By the time he turned 18, he was inspired to work on his freestyle rap, thanks to networking with Utah hip hop artists such as Pat Maine, Phil Weeden, Infamous Taz and others. “I discovered I had a knack for it and I caught on pretty quick,” Baker says. “I had a car which didn’t have a working radio so as I was driving along, i would do freestyle and make multi syllable rhymes based on what i was seeing as I was driving along.” This pushed him to write a song celebrating his following birthday at Moe’s Bar and Grill.
Taking on his stage persona, he focused on making steady progress as a hip hop artist and started making beats at the age of 23 and built his own production studio at home. He expanded his network and collaborated with Zac Ivie, a well-known local hip hop artist who has launched the indie label Get Write Records and who will be performing with Ocelot on the Utah Arts Festival’s Park Stage.

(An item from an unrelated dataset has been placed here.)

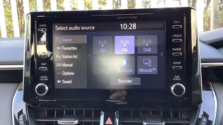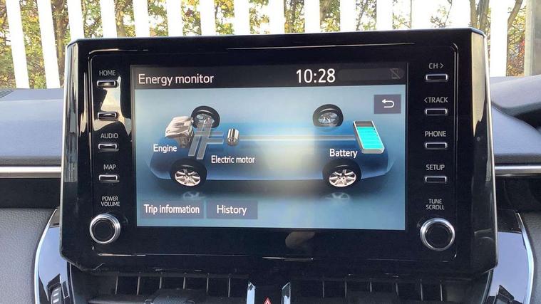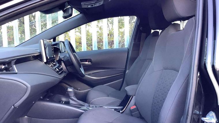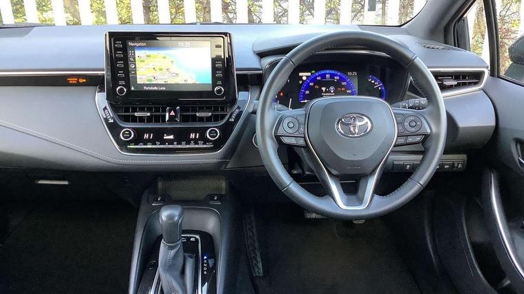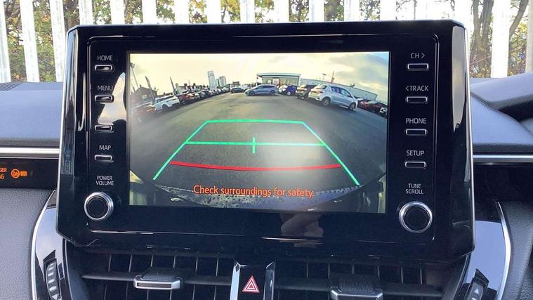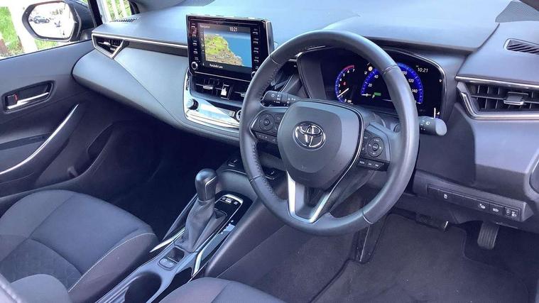 Satin chrome dash trim, Soft touch texture on uppder dashboard, Parking pack - Corolla, Toyota safety sense 2 pack - Corolla, Unique wheel finish with red wheel cap, Acoustic vehicle alert system (AVAS), Alarm with motion sensor and immobilizer, Remote central locking + deadlocks, 6 speakers, 8" Touchscreen with MM19 Multimedia system and voice recognition, AM/FM radio, DAB Digital radio, Toyota touch 2 with go navigation system, USB and Aux in connectors + 12V front outlet, 3x3 point rear seatbelts, Adjustable driver and front passenger seat belt extender to top anchor point, Anti lock braking system + Electronic brake force distribution, Brake assist function, Downhill Assist Control (DAC), Electronic parking brake, Emergency brake light signal (EBS), Front passenger airbag on/off switch, Front seatbelt reminder, HAC-Hill-start Assist Control, Rear seat belt reminder, Seatbelt pretensioners and force limiters, Supplemental restraint system (SRS) 7 airbags - dual driver, dual side curtain, side impact and driver knee airbags, Traction control, Tyre pressure warning system, Anti-jam protection on power windows, Auto up and down function on all power windows, Automatic headlights with high beam assist, Black metallic surround on lower front grille, Black toyota logo in front, Black window frames, Body colour rear spoiler, Body coloured bumpers, Body coloured door mirrors, Body coloured outside door handles, Follow me home headlights, LED daytime running lights, LED front fog lights, LED High mounted stop light, LED multi-reflector headlights with manual headlight levelling, LED rear combi lights with LED lightguide, Manual day/night rear view mirror, Power adjustable heated door mirrors, Power front windows, Power rear windows, Rear window defogger, Rear window wiper, Shark fin antenna, Time adjustment on intermittent wiper, Turning signal integrated indicators in door mirrors, Unique lower skirt, Unique side rocker with black insert, UV-filter on driver and passenger windows, 3 rear headrests, 3 spoke leather steering wheel + gear knob, 60/40 split folding rear seat, Adjustable speed limiter switch on steering wheel, Audio, multimedia and telephone switches on steering wheel, Boot light, Centre room light, Clean air filter, Driver and front passenger personal light, Driver and passenger assist grip, Driver and passenger sun visor with mirror and light, Dual zone automatic air conditioning with ECO mode switch, Fabric armrests, Front and rear cup and bottle holders, Front door pockets, Front head restraints, Heated driver and front passenger seats, Illuminated entry system in room lamp, ISOFIX seat fixing (2 fixings on rear outer seats), Leather gear shift with satin chrome on gear shift console, Manual height adjustable for driver and front passenger seat, Parcel shelf, Passenger seat back pocket, Pollen filter, Power adjustable lumbar support on driver seat, Power window switches with satin chrome inserts, Quilted fabric upholstery with grey stitches seats, Rear armrest with 2 cupholders, Rear passenger coat hooks (2), Satin chrome inside door handles, Shopping bag hooks in luggage compartment, Sliding armrest on centre console box, Slow opening glovebox with lights, Tilt/telescopic steering column, Voice recognition switch on steering wheel, Whiplash Injury Lessening (WIL) feature (active headrest) for seats, 7" Multi information display screen, Bluetooth telephone connectivity, Connected car functionality upgrade, tracker, remote status and e-care, Dynamic radar cruise control (with RSA) including switch on steering wheel, E-call, Electrically assisted power steering, EV drive indicator, Intelligent park assist, Lane Departure Alert (LDA) switch on steering wheel, Memory on adjustable speed limiter, Push button start, Reversing camera, Smartphone integration with Apple CarPlay and Android auto, Gasoline particulate filter, Vehicle Stability Control (VSC),

Baker says he is content with paying his dues patiently toward the goal of working as a full-time independent artist. In addition to Ivie, he has had a chance to be on the stage with artists including Elzhi, Bronze Nazareth and George Watsky. To round out his livelihood, he works as a bartender and server, which gives him the ideal flexibility to work on his music. “I realize that if I had tried to be a full-time artist when I was younger, I would not have enjoyed it,” he explains. “I had a rough upbringing so my music at that time was all about venting those experiences. Looking back on it, I cringe sometimes at emo rap stuff I was writing. After years of venting my frustrations I have found a more poetic path.”

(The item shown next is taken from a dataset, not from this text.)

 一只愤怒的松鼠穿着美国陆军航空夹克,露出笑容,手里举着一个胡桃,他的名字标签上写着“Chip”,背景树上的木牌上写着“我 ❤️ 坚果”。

He also learned to process the experience of feeling burnt out in terms of his creative voice, which occurred in 2015. “I hit a brick wall and stopped making music for about a year.” When he resumed, he contextualized the experience by turning to philosophy, especially Stoicism. “It became a way for me to find meaning in a world of chaos,” he explains, adding that he began to appreciate his own obsession with making music ever since he became an adult. “Making beats in the pursuit of art is a worthy hill to die on,” he adds. “I continue to make music even if it doesn’t become successful and if the question is, ‘Is it worth it?’then the answer is yes. And, this is why I came back to music in 2016.”
In his return, he also discovered how much more he has enjoyed making instrumentals as a canvas for songs. After a disappointing experience in college music classes to develop his sound engineering skills, he turned to YouTube University. An instructor had dismissed his query about how to achieve a side-chain pumping effect, which has been popular in EDM and DAWs. In EDM, for example, the kick drum channel is used as the trigger to activate the compressor on bass drum beats. In developing his finesse with lo-fi hip hop, he says “I didn’t want a cut-and-dry cookie-cutter education in music which discouraged experimenting with effects and relying on trial and error.”
His output now suggests a wide range of traditional hip hop styles along with boom bat beats and punch lines which can evoke either gripping raw emotion or lyrics where he is comfortable poking fun at himself. He hopes the festival audience will appreciate the duality of his artistry.